If the best way out of worry is work, don’t sit around moping about that journey, but work. Pack up. You can’t take too much baggage—of the right kind. There are some reasons to suspect that in the new country you’ll find more use than you had here for all that you can get together of learning and wisdom and aspirations and affections: love is giving rather than receiving, you know—even to the point of giving unrecognized. Why not there as well as here? True, your constitution may not be up to that one-sided kind forever, but you may not have to wait so long as that.
And even if you’re lost, baggage and all, it will not have been wasted: for it will have done its service here, and it will not need to be renewed. And you can’t be sure now that you won’t want it. And how ineffably silly it is to worry over the possibility of oblivion! That surely can’t hurt. But if anybody believes that consciousness continues, shut up in a Pozzi-like darkness, deprived of an opportunity to enjoy this beautiful universe or any other, that’s something to worry over. But did anybody ever invent such a Hell as that, or if anybody did, has anybody now any justification for having the blues over it? If you are worried by Scripture, probably you know that of the three uses of “outer darkness” in Matthew, two plainly refer to earthly conditions, and the third may fairly be taken in the same sense.
If you get tired packing, and need more work in view of departure, don’t go back to moping, but get right up and put things in shape for those you’re going to leave behind. But don’t bother them, or do foolish things. One of the best things about that journey is that nearly all the wise preparations for staying here are equally wise for going. So you would be foolish to make very many specific preparations for going. In fact specific preparations for that journey have involved more of the waste and tomfoolery of the world than almost anything else—perhaps more than even war or fashion.
But be ready to go when you’re called.
Meantime circumstances may be so against you that you can’t have a happy life; but probably you can, if you so will, have at least a cheerful one, and those who have had the experience say that it’s pretty hard to tell the difference—that they amount to about the same thing, except that, on the whole, the cheerful life is the more effective; and that, at best, happiness is but a by-product.
All this simple advice may be easier to follow than you think, and if you do follow it, probably you won’t have the blues.

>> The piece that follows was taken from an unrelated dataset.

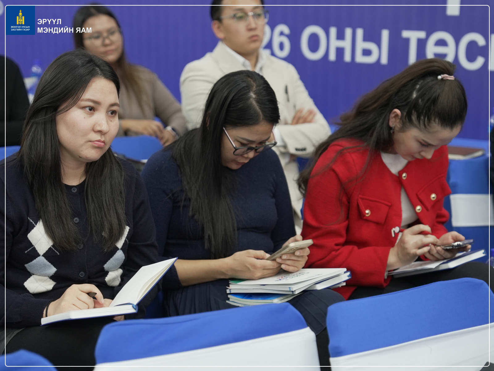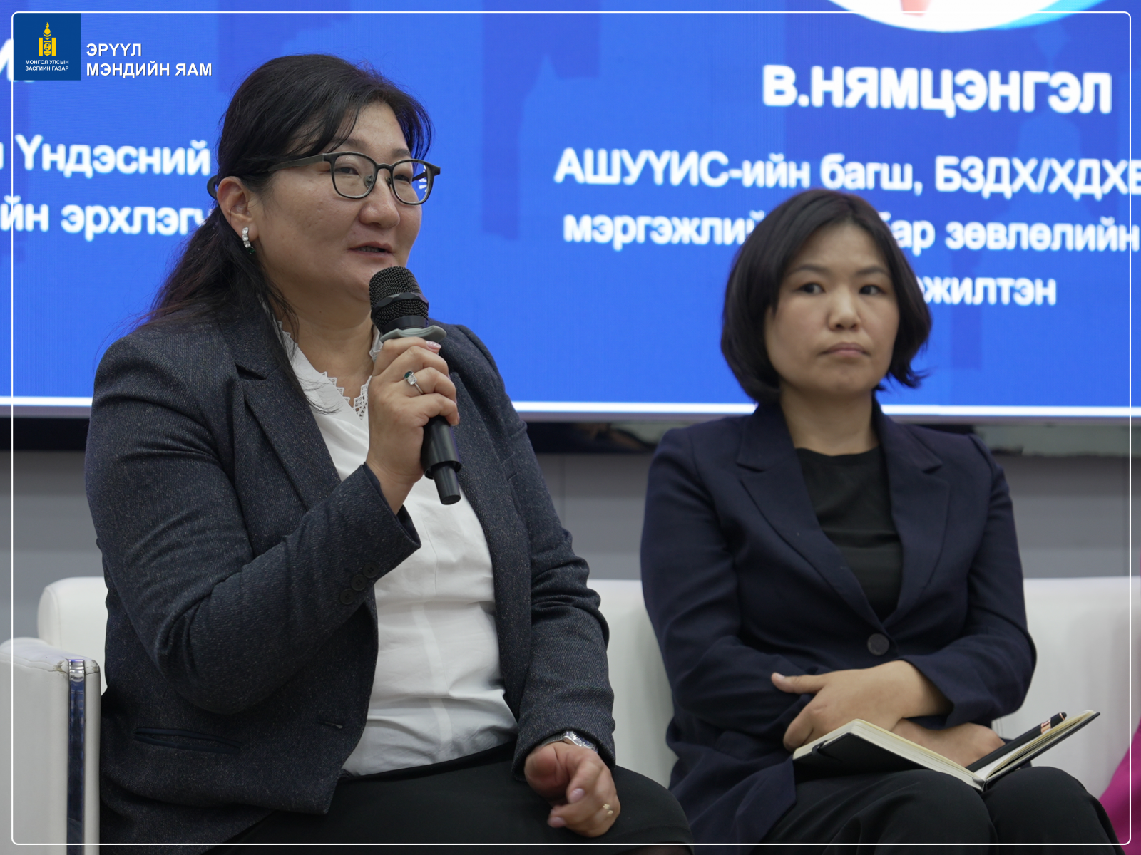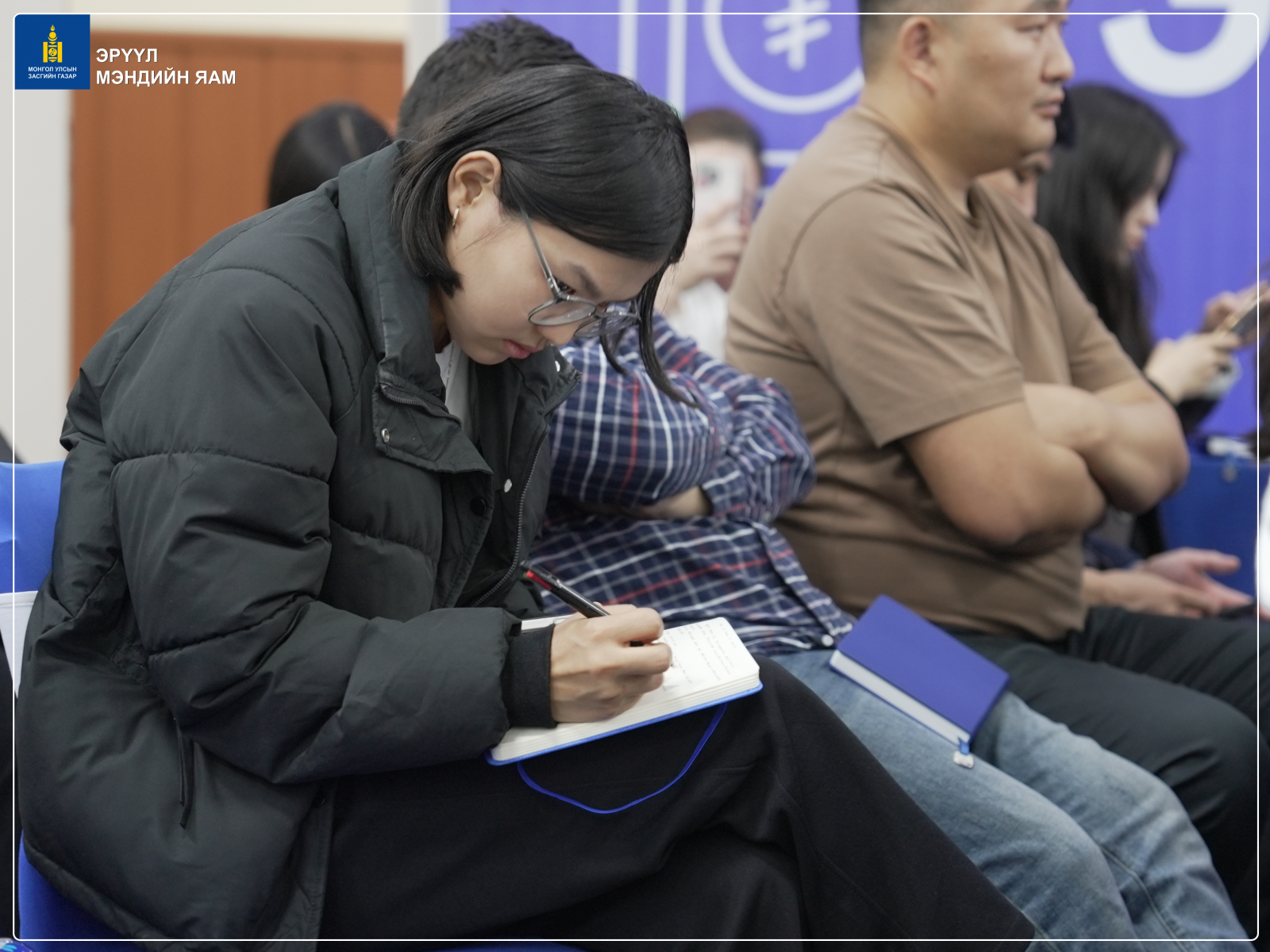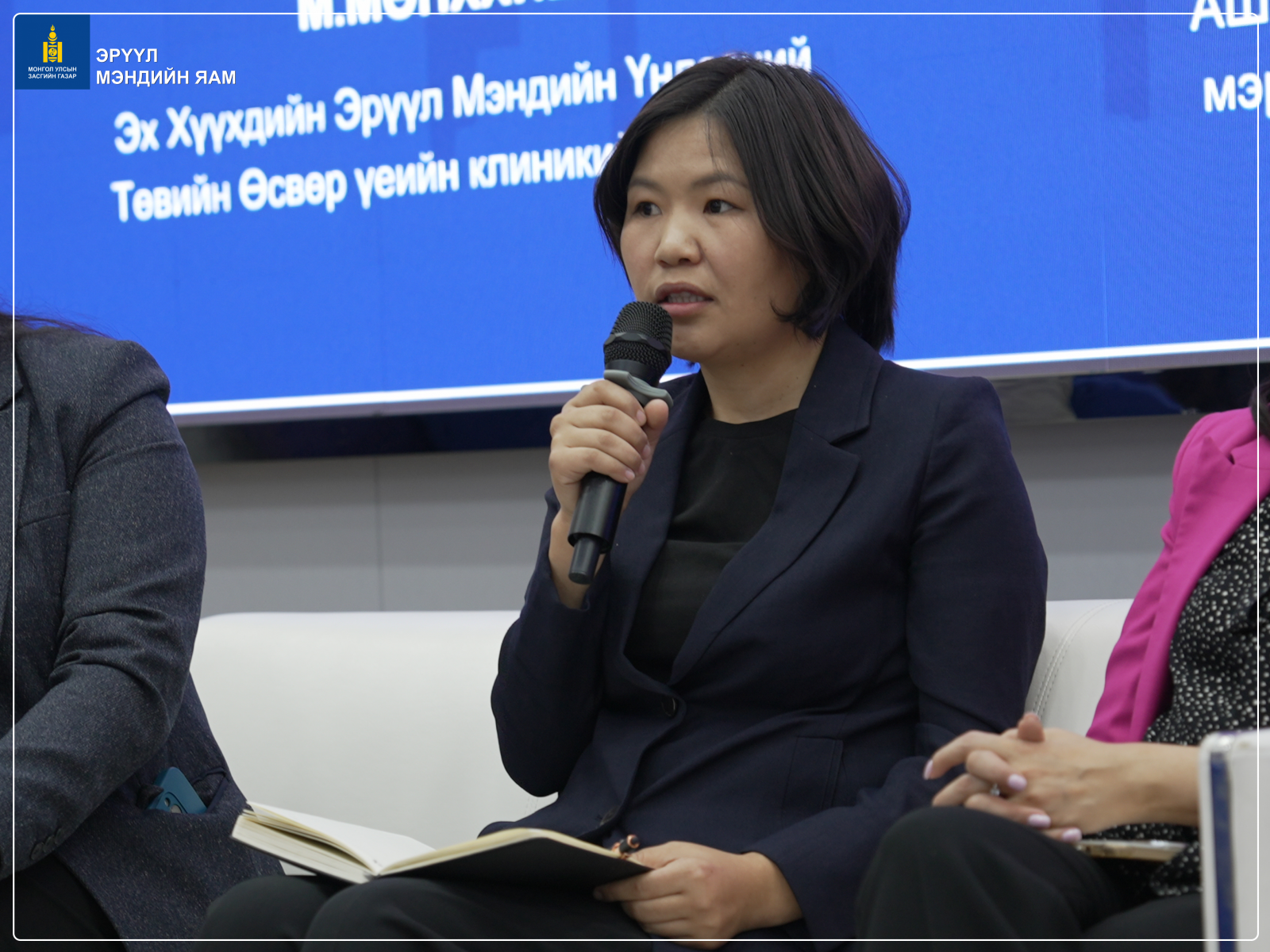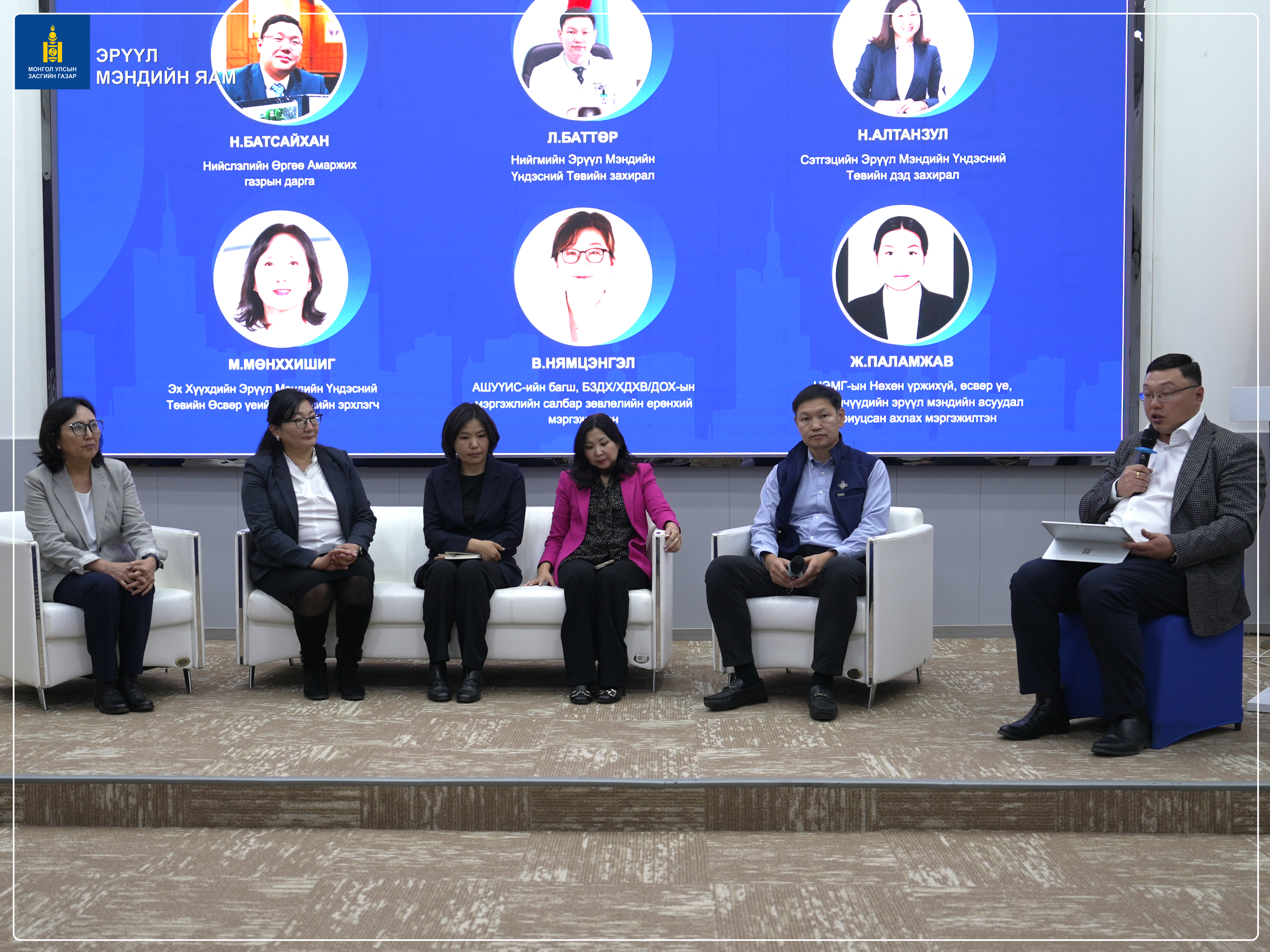 Өвдсөн хойно нь бус өвдөхөөс нь өмнө урьдчилан сэргийлэх, эрт үед оношлуулж эмчлүүлэх, эрүүл мэндийн даатгалд хамрагдах нь ирээдүйд үүсч болох эрүүл мэндийн болон эдийн засгийн эрсдэлээс хамгаалах учиртай гэдгийг залууст ойлгуулж, мэдлэг мэдээллээр хангах хэрэгтэй. Нийгмийн эрүүл мэндийн тусламж, үйлчилгээний тухай анхдагч хуулийг 2024 онд батлуулсан. Мөн Монгол Улсын Засгийн газрын шийдвэрээр “Эрүүл шүд”, “Иргэний эрүүл мэндийн боловсролыг дээшлүүлэх” цогц арга хэмжээ төлөвлөгөөг 4 яамны оролцоотой хамтран баталж хэрэгжүүлж байна. Энэхүү төлөвлөгөөг хэрэгжүүлэхэд та бүхний оролцоо, манлайлал чухал гэдгийг онцолж хэллээ.

THE PRINCIPLES AND PRACTICE OF KICKING
Now, at this present moment, and for the next two months, twenty million American youth,—turning from syndicalism, the new morality, forgotten virtues, capitalism, psychical research, sociology, trust-busting, fly-swatting, preventive medicine, the evils of alcohol and tobacco, and other of the million burning questions of the day,—are and will be chiefly occupied with the important historical problem as to whether Mr. Charles Brickley, captain of and kicker-in-extraordinary to the Harvard football team, is a mightier man than the ancient heroes of the kicking game,—Moffatt, Bull, Brooke, Trafford, O’Dea, Poe, Sharpe, Eckershall,—and with this discussion they will couple the practical ambition and personal hope of joining the great galaxy.